Let $C\in\mathbb{R}^{n\times n}$ be a matrix such $det(C)\neq0$ b. I need to prove that exists $B\in\mathbb{R}^{n\times n}$ such $$e^B=C^2$$
This is a question from a curse of ODE, we have seen exponential of a matrix, Jordan form, and I believe this question can be solved with the inverse application theorem since $A\mapsto e^A$ is $C^\infty$ but my work doesn't help me so much.
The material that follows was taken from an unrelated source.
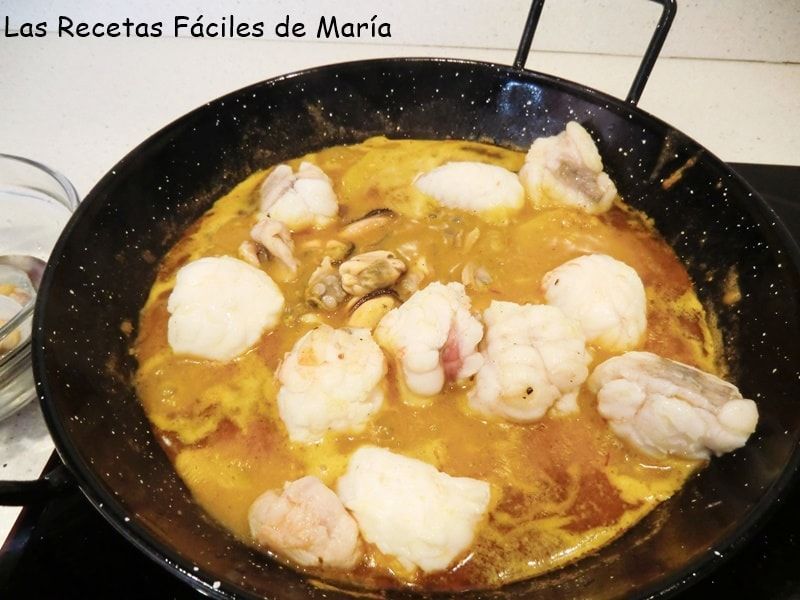 21.- Añade los gambones o langostinos, las almejas y clochinas o mejillones y deja reposar unos minutos.

Is there any linear algebra trick or what is the best way to solve this ?
We can find a matrix similar to $C$ in the Jordan canonical form, because $A \exp(B) A^{-1} = \exp(ABA^{-1})$ without loss of generality we can assume that $C$ is in the Jordan canonical form.
It is enough to solve the problem for one Jordan block $J(\lambda)=\lambda I +N$, here $\lambda \neq 0$ ($\det C \neq 0$) and $N$ is nilpotent.
So, we need to solve $e^B=\lambda I + N$. Now we can use series for logarithm $$ \log(1+x) = \sum_{n \geq 1} (-1)^{n-1}\frac{x^n}{n}. $$ Applying it to our case we get $$ B = \log (\lambda I +N)=\log(\lambda) \log(I+\frac{1}{\lambda}N) $$
Matrix $\frac{1}{\lambda}N$ is nilpotent, so $B=\log(\lambda)\log(I+\frac{1}{\lambda}N)$ is a polynomial.
Such matrix $B$ commutes with its complex conjugate $\overline{B}$. Also $\overline{e^B}=e^\overline{B}$, and $\overline{e^B} = \overline{C}=C$. Therefore $e^{B+\overline{B}}=e^B e^\overline{B}=C^2$.